%%

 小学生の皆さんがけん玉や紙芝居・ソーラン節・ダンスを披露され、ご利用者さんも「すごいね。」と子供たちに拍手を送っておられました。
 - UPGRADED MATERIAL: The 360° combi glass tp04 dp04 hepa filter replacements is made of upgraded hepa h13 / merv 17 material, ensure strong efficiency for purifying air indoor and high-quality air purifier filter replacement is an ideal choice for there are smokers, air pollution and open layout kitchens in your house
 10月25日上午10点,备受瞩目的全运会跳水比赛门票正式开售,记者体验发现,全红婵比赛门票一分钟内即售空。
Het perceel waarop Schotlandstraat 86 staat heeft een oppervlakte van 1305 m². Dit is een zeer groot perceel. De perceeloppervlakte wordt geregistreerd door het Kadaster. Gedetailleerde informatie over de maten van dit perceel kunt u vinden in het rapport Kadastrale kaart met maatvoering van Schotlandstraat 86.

%%
%%

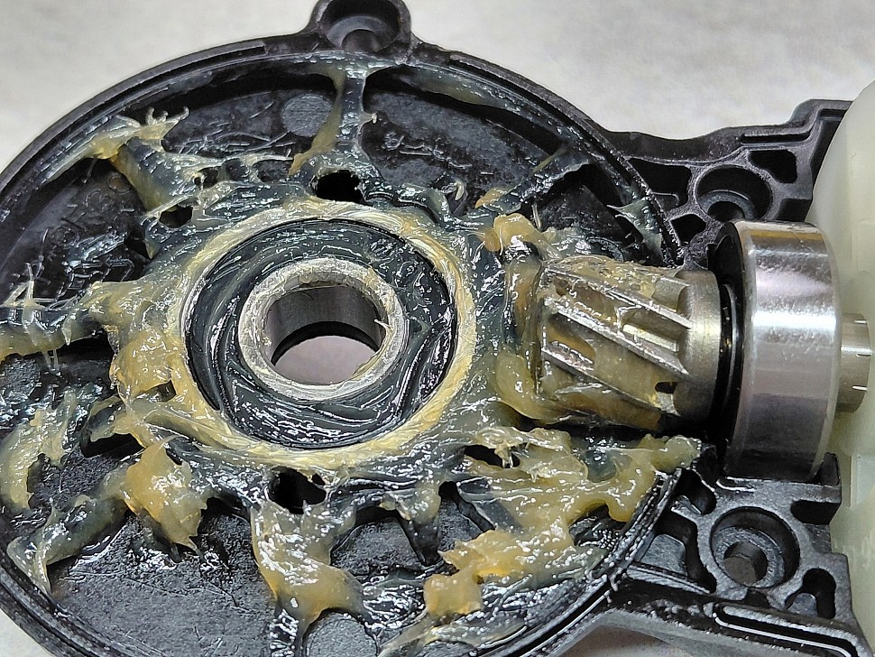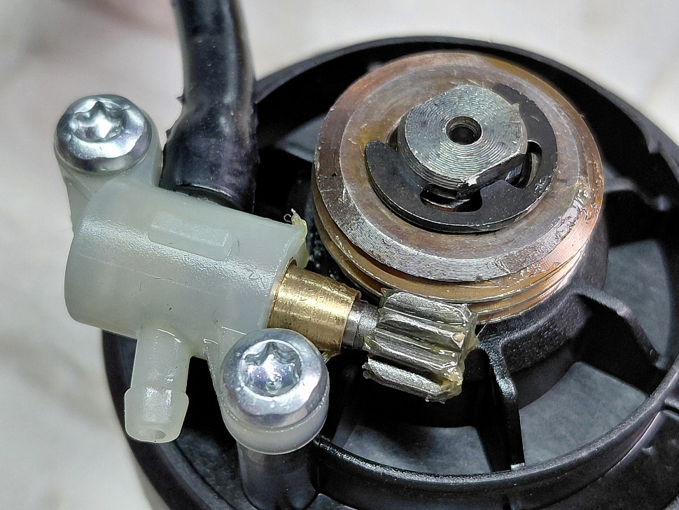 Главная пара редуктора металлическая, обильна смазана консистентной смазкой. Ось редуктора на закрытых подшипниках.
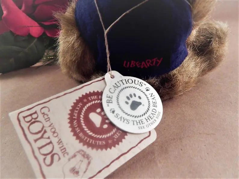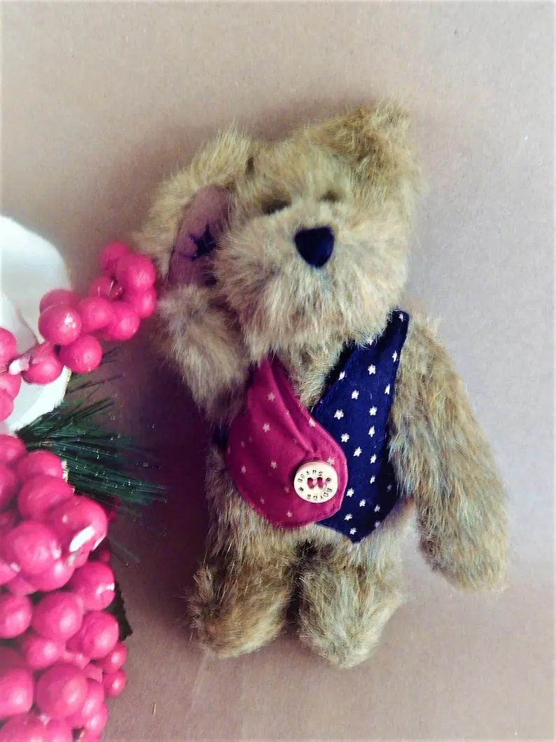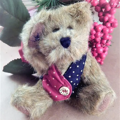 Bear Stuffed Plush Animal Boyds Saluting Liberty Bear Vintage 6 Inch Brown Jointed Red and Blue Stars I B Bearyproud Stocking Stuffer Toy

%%
%%

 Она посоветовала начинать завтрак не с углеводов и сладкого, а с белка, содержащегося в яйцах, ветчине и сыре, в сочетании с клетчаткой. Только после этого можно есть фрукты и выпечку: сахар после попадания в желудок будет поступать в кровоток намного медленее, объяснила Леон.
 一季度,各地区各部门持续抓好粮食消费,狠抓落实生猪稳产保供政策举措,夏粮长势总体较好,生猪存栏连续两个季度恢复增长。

%%

§ **EXERCISE INSTRUCTIONS**:
In the listing above, find the line with "Главная пара редуктора" and the line with "Bear Stuffed Plush". Output both, plus every line between them, and no pictures.

§ **RESULT OF THE TASK**:
 Главная пара редуктора металлическая, обильна смазана консистентной смазкой. Ось редуктора на закрытых подшипниках.
 Bear Stuffed Plush Animal Boyds Saluting Liberty Bear Vintage 6 Inch Brown Jointed Red and Blue Stars I B Bearyproud Stocking Stuffer Toy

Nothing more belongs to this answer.